One interesting subset in the collection is 16 posters designed by French children, which include the names and ages of several of the young artists. Another is several German posters, created after the war, sounding the alarm about the spread of Bolshevism from Russia into Germany. There are even several posters noting that since women were working alongside men in the war effort, the men should give them the vote. (The men in New York State concurred with the women, giving them the franchise in November 1917.)
Many, but not all, of the posters were backed with muslin, which has, over the past 100 years, proven to be an excellent idea in that the posters with the backing are in much better condition than those which were not backed. Many of the muslin-backed posters also have grommets, seeming to indicate they were or would be hung in exhibitions. In addition to the paper posters, there are a number of trolley-car placards that were printed on cardboard.
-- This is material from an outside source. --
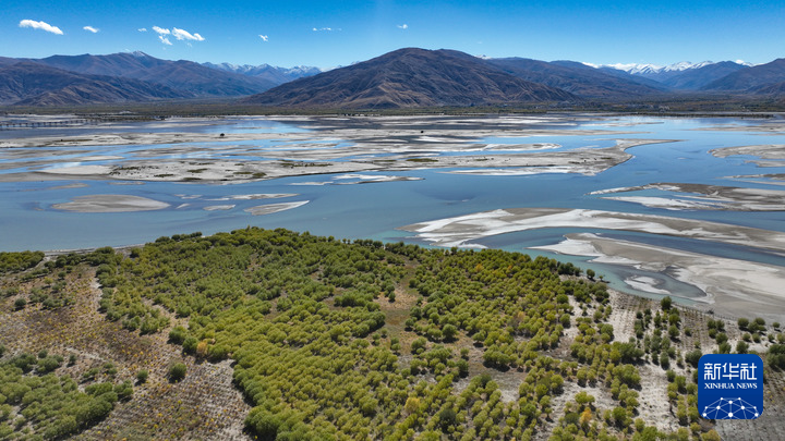 這是雅魯藏布江寬闊的河床和岸邊種植的樹木。新華社記者晉美多吉 攝

In addition to its Item Number, each poster description includes title text (plus explanatory text the cataloger deemed necessary to being able to convey as fully as possible the impact the poster would have had on viewers); a textual description of the image(s) on the poster; the name of the artist, if it could be identified; the name of the printer, if identified; the name of the publishing agency; and the size (in centimeters). For posters printed in a language other than English, an attempt was made to translate at least part of the poster title.
Thumbnail images of the posters are included where available. They are not all scans of the actual poster in our collections; some came from various online sources and are included to serve as a reference and to help researchers identify posters without undue wear and tear on the originals
|Collection Grouping||Abbreviation with first and last numbers in collection||Total Number of Posters|
|United States: General||US GEN 01-1626||1626|
|United States: Recruiting||US REC 01-461a, 563, 719||464|
|Australia: General||AUSL GEN 01||1|
|Australia: Recruiting||AUSL REC 01-60||60|
|Canada: General||CAN GEN 01-173||173|
|Canada: Recruiting||CAN REC 01-137||137|
|England: General||ENG GEN 01-79, 85a||80|
|England: Recruiting||ENG REC 01-219||219|
|New Zealand||NZ 01-03||3|
*This number is based on the number written on the last poster in each collection; for several of the larger collections, there was some intermediary numbering, which would bring the total to a slightly higher number. The New York State Library also has several extremely large posters that are in too fragile a condition to open to determine if they were inventoried when they first came to the State Library.